In [58]:
#imports
import pickle
import pandas as pd
import itertools
from collections import Counter
import numpy as np
from gensim.models import Word2Vec


from sklearn.linear_model import LogisticRegression
from sklearn.model_selection import train_test_split
from sklearn.metrics import classification_report, confusion_matrix, accuracy_score, f1_score


import nltk
from nltk.corpus import stopwords, wordnet
nltk.download('punkt') 
from nltk.tokenize import sent_tokenize, word_tokenize
from gensim.models import word2vec

import string


import os
for dirname, _, filenames in os.walk('/kaggle/input'):
    for filename in filenames:
        print(os.path.join(dirname, filename))


  
# You can write up to 20GB to the current directory (/kaggle/working/) that gets preserved as output when you create a version using "Save & Run All" 
# You can also write temporary files to /kaggle/temp/, but they won't be saved outside of the current session


[nltk_data] Error loading punkt: <urlopen error [Errno -3] Temporary
[nltk_data]     failure in name resolution>
/kaggle/input/ucsd-dsc-258r-nlp/train.csv
/kaggle/input/ucsd-dsc-258r-nlp/test.csv
/kaggle/input/ucsd-dsc-258r-nlp/baseline.ipynb


In [59]:
# A function used to build a vocabulary based on descending word frequencies 
def build_vocab(sentences):
    # Build vocabulary
    word_counts = Counter(itertools.chain(*sentences))
    # Mapping from index to word
    vocabulary_inv = [x[0] for x in word_counts.most_common()]
    # Mapping from word to index
    vocabulary = {x: i for i, x in enumerate(vocabulary_inv)}
    return word_counts, vocabulary, vocabulary_inv

In [60]:
def get_embeddings(inp_data, vocabulary_inv, size_features=100, mode='skipgram', min_word_count=2, context=5):
    model_name = "embedding"
    num_workers = 15
    downsampling = 1e-3
    print('Training Word2Vec model...')
    sentences = [[vocabulary_inv[w] for w in s if w != -1] for s in inp_data]
    sg = 1 if mode == 'skipgram' else 0
    embedding_model = Word2Vec(sentences, workers=num_workers, sg=sg, vector_size=size_features, min_count=min_word_count, window=context, sample=downsampling)
    print("Saving Word2Vec model {}".format(model_name))
    embedding_weights = np.zeros((len(vocabulary_inv), size_features))
    for i in range(len(vocabulary_inv)):
        word = vocabulary_inv[i]
        if word in embedding_model.wv:
            embedding_weights[i] = embedding_model.wv[word]
        else:
            embedding_weights[i] = np.random.uniform(-0.25, 0.25, embedding_model.vector_size)
    return embedding_model

In [61]:
def preprocess_df(df):
    # get English stopwords
    stop_words = set(stopwords.words('english'))
    stop_words.add('would')
    # prepare translation table to translate punctuation to space
    translator = str.maketrans(string.punctuation, ' ' * len(string.punctuation))
    preprocessed_sentences = []
    for i, row in df.iterrows():
        sent = row["text"]
        sent_nopuncts = sent.translate(translator)
        words_list = sent_nopuncts.strip().split()
        filtered_words = [word for word in words_list if word not in stop_words and len(word) != 1] # also skip space from above translation
        preprocessed_sentences.append(" ".join(filtered_words))
    df["text"] = preprocessed_sentences
    return df

In [62]:
df_train = pd.read_csv("/kaggle/input/ucsd-dsc-258r-nlp/train.csv")
df_test = pd.read_csv("/kaggle/input/ucsd-dsc-258r-nlp/test.csv")

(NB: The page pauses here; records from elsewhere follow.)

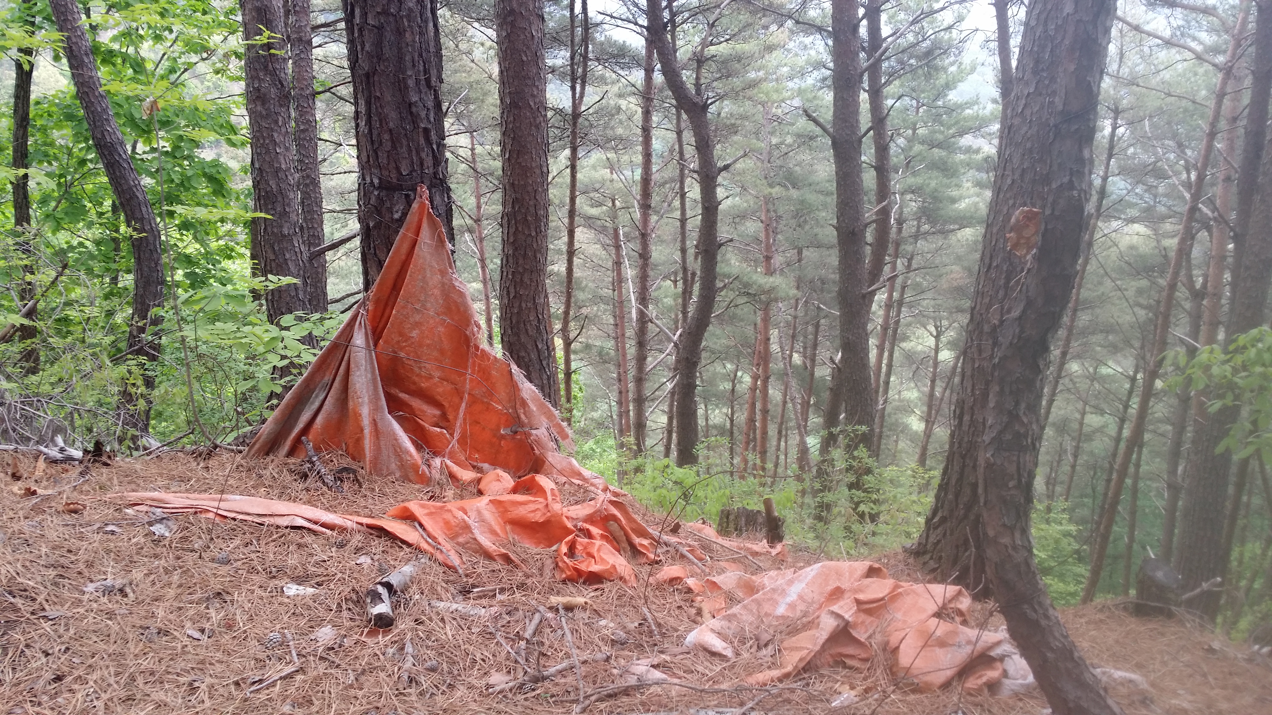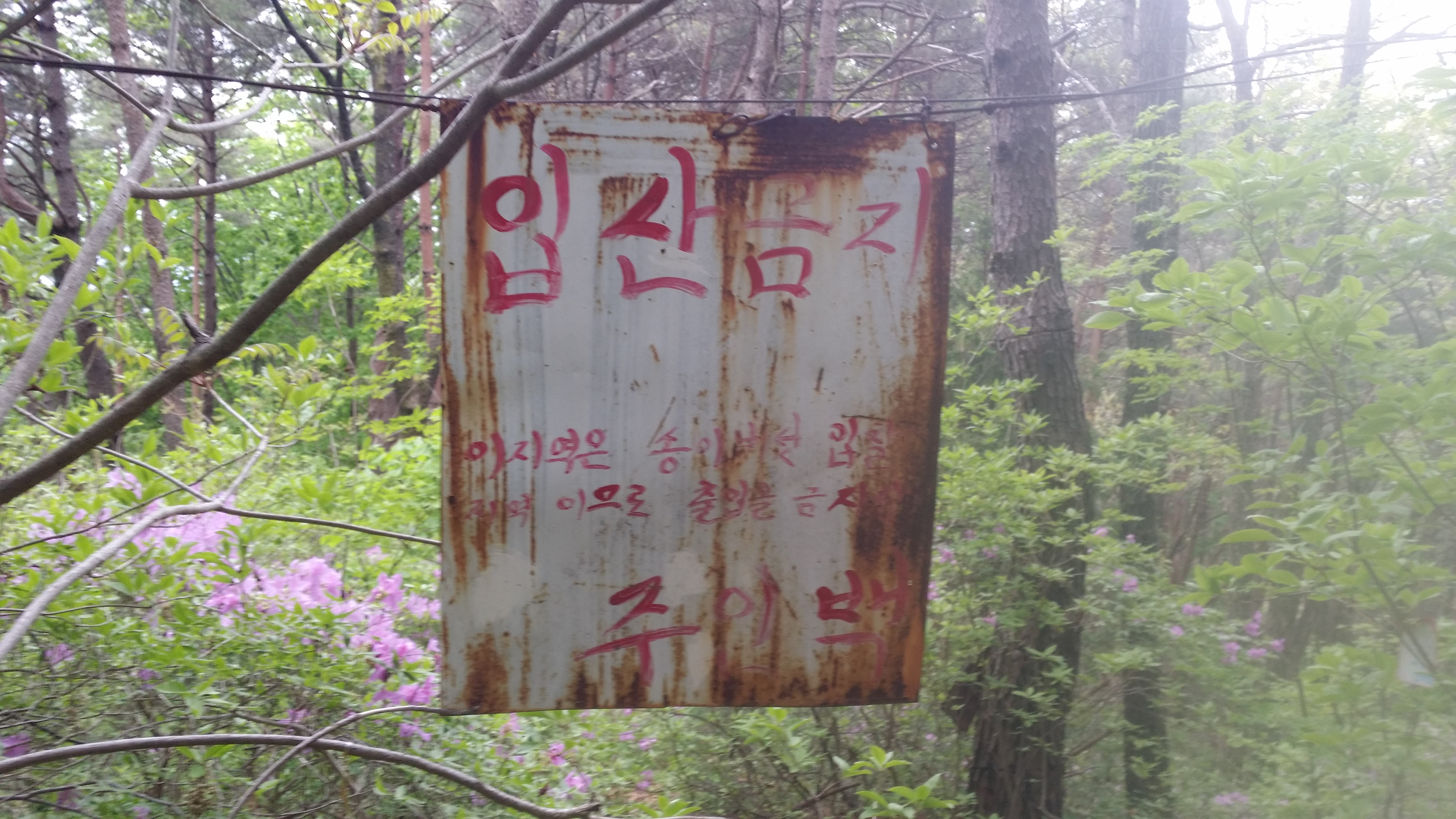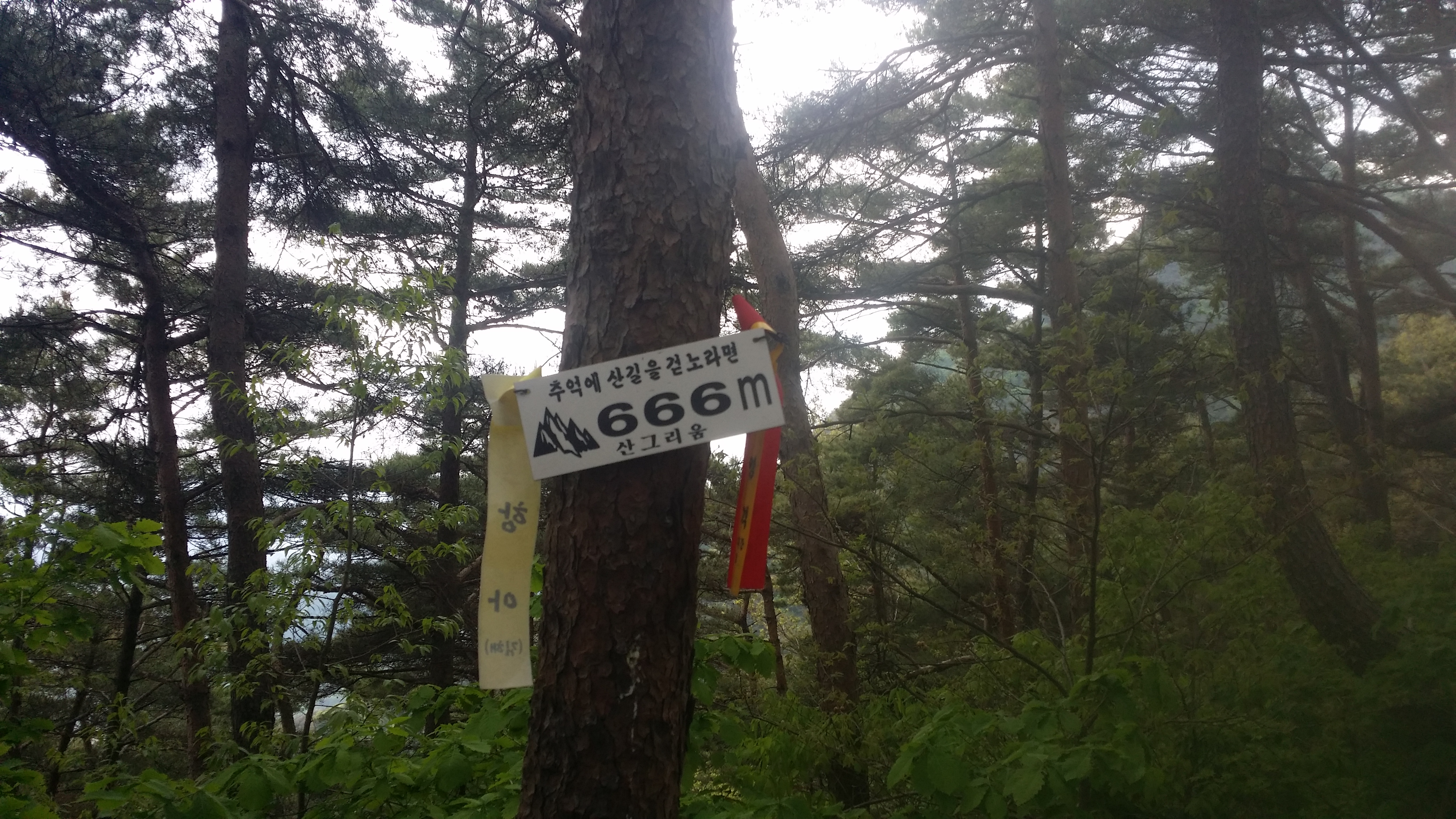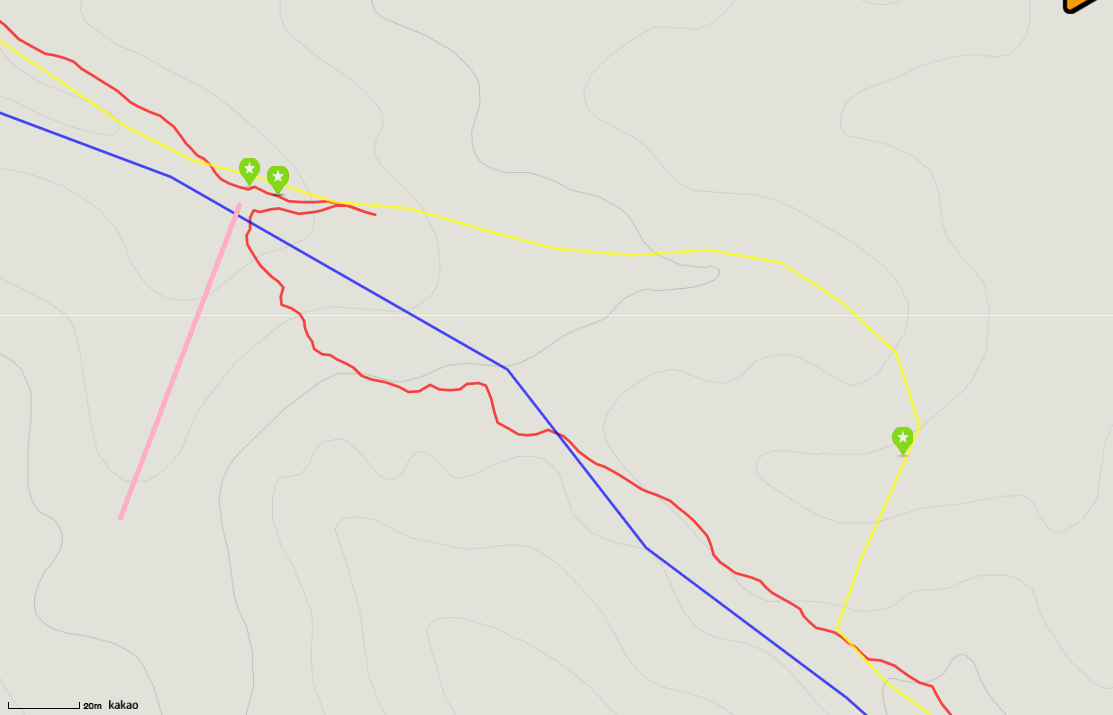17:08 금귀산(838.6m) / 정상엔 산불감시초소 및 요원이 근무중이다. 극한직업이다. 대다수가 인근에 임도가 있어 접근방법이 양호한데 여기는 아니다. 17:44 [독도주의지점] / 등로는 노랑선과 분홍선으로 갈린다. 이론적 마루금은 두 등로 사이로 진행해야 하는데 등로가 안보인다. 노랑선을 따라 갔다. 되돌아와서 분홍선으로 조금 들어서다 좌측으로 꺽었는데 마루금 가까이는 진행이 불가하여 길 좋은데로 내려서니 멀어져 좌측으로 붙으니 계곡이다. 알바! 계속하여 좌측으로 붙으니 마루금이 나온다. 독도가 어려운 구간이다. 차라리 노랑선을 따르는게 속편한것 같다
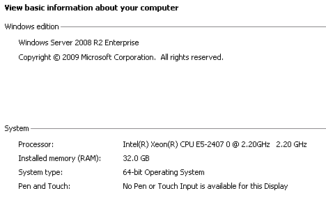 Operating system: Windows 2008 R2 Server
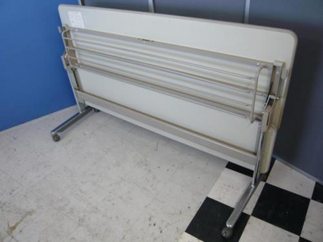 - 一部不具合あり天板歪み、アジャスター無し、キャスター使用不可ようなそのテーブルの本来の効用を果たすための機能以外の一部が使用不可な状態。(例、キャスターロッ ク機能使用不可、棚板無し等がある。)
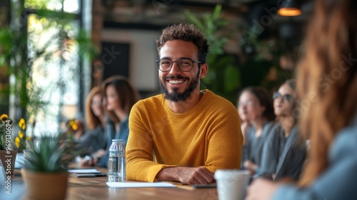 Smiling man in meeting.
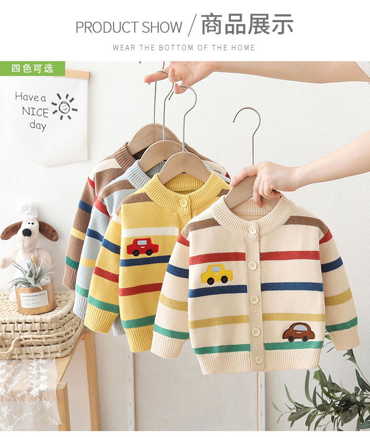 2025년 신상 남아용 스웨터 가디건, 세련된 유아 가을 의류, 아동 니트 자켓, 플리스 안감, 만화 디자인스토어 가기
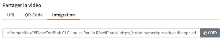 Sur Tubes dans les apps.education, récupérer le lien de partage de la vidéo en activant Partager.
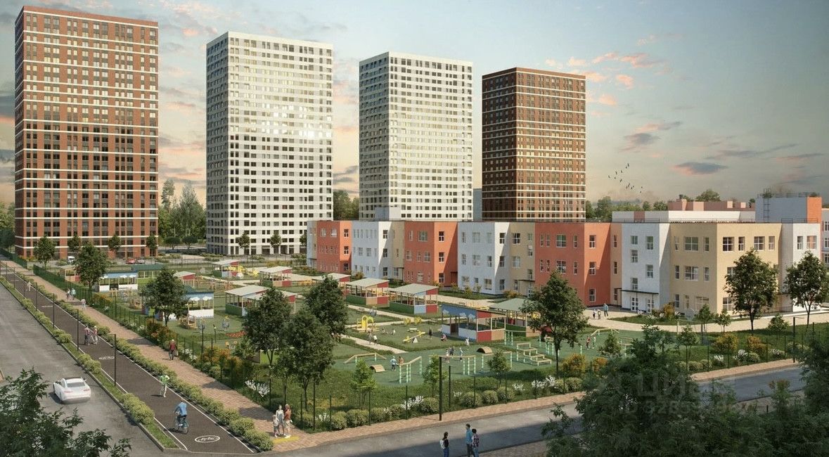 — На территории: школа, детский сад, спортивные и детские площадки, пешеходный бульвар.

df_train["text"] = df_train["review"]
df_test["text"] = df_test["review"]

df_train = preprocess_df(df_train)
df_test = preprocess_df(df_test)



In [63]:
#tokenize
df_train['tokens'] = df_train['text'].apply(word_tokenize)
df_test['tokens'] = df_test['text'].apply(word_tokenize)

#build vocabulary
sentences_train = df_train['tokens'].tolist()
sentences_test = df_test['tokens'].tolist()
word_counts, vocabulary, vocabulary_inv = build_vocab(sentences_train + sentences_test)



In [64]:
# prepare data
train_inp_data = [[vocabulary.get(word, -1) for word in tokens] for tokens in sentences_train]
test_inp_data = [[vocabulary.get(word, -1) for word in tokens] for tokens in sentences_test]

#embeddings
embedding_model = get_embeddings(train_inp_data + test_inp_data, vocabulary_inv)


Training Word2Vec model...
Saving Word2Vec model embedding


In [65]:
def average_embeddings(embedding_model, inp_data, vocabulary_inv):
    avg_embeddings = []
    for tokens in inp_data:
        vectors = [embedding_model.wv[vocabulary_inv[token]] for token in tokens if vocabulary_inv[token] in embedding_model.wv]
        if vectors:
            avg_embedding = np.mean(vectors, axis=0)
        else:
            avg_embedding = np.zeros(embedding_model.vector_size)
        avg_embeddings.append(avg_embedding)
    return np.array(avg_embeddings)


# Average embeddings
train_embeddings_avg = average_embeddings(embedding_model, train_inp_data, vocabulary_inv)
test_embeddings_avg = average_embeddings(embedding_model, test_inp_data, vocabulary_inv)

#convert to sparse matrix
embedding_train_dense = train_embeddings_avg
embedding_test_dense = test_embeddings_avg

In [66]:
#Sentiment Analysis
from nltk.sentiment import SentimentIntensityAnalyzer
from scipy.sparse import hstack, csr_matrix

sid = SentimentIntensityAnalyzer()
def get_sentiment(text):
    return sid.polarity_scores(text)['compound']

# Get polarity of text
df_train['sentiment'] = df_train['text'].apply(get_sentiment)
df_test['sentiment'] = df_test['text'].apply(get_sentiment)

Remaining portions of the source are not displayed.